Supongamos que María no hubiese sido mansa, con la mansedumbre del Salvador, y se hubiese negado a aceptar el anuncio del ángel. Dios hubiese buscado otra. Dios pudo haber elegido a cualquier mujer y cualquier mujer hubiera podido ser la madre del Salvador. 
La maternidad de la Virgen no se dio por mérito propio, sino porque Dios la predestinó desde toda la eternidad y obró en ella para que fuera efectivamente la madre del Mesías. Eso no se dio por esfuerzo alguno de parte de ella. A la misma vez, ella es el modelo de nuestra propia predestinación. Ni tan siquiera se nos puede ocurrir la inquietud de la fe si Dios así no lo dispone.  
Ella fue predestinada, pero eso no anuló su personalidad. El “sí” de su aceptación a lo que le anunció el ángel, eso sólo ella pudo darlo. Dios no podía predestinarla a dar el sí, es decir, ella fue dueña de aceptar, o rechazar. Por eso tuvo más mérito por su fe, que por su maternidad, o por su virginidad.
En ese sentido es que también podemos decir que ser madre o padre, eso no es distintivo de alguien en particular. Nadie nos va a montar un monumento por ser padre o madre. Tampoco alguien va a erigir un monumento por solamente hacer lo que se suponía que uno hiciera como una persona normal. Uno reconoce la singularidad de alguien que, frente lo que le puede llevar en una dirección, escoge ir por otra ruta que también se le presenta y que no es la que el común de los mortales adoptaría.

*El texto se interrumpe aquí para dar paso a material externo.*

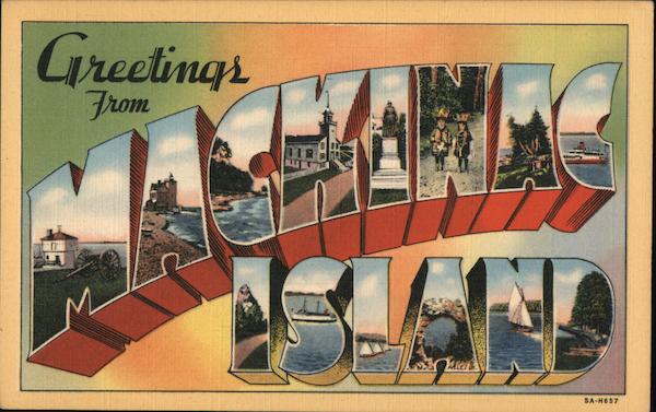 Front: Greetings 121 5A-H657 Back: G. H. WICKMAN, MACKINAC ISLAND, MICH. MADE IN U.S.A. GENUINE CURTEICH-CHICAGO "C.T. ART-COLORTONE" POST CARD (REG.U.S. PAT. OFF.) PLACE

El sacrificio de María es análogo al sacrificio que Jesús presentó al Padre, como lo es nuestro sacrificio en relación con Jesús. Sustitúyase la palabra “sacrificio” por “sacerdocio”. El sacerdocio de María es análogo al sacerdocio de Jesús, lo mismo que nuestro sacerdocio en relación con Jesús.
Someternos a la voluntad de Dios, mientras estamos atentos a los signos de los tiempos, a la revelación de los designios de Dios, ese es nuestro sacrificio y nuestro sacerdocio.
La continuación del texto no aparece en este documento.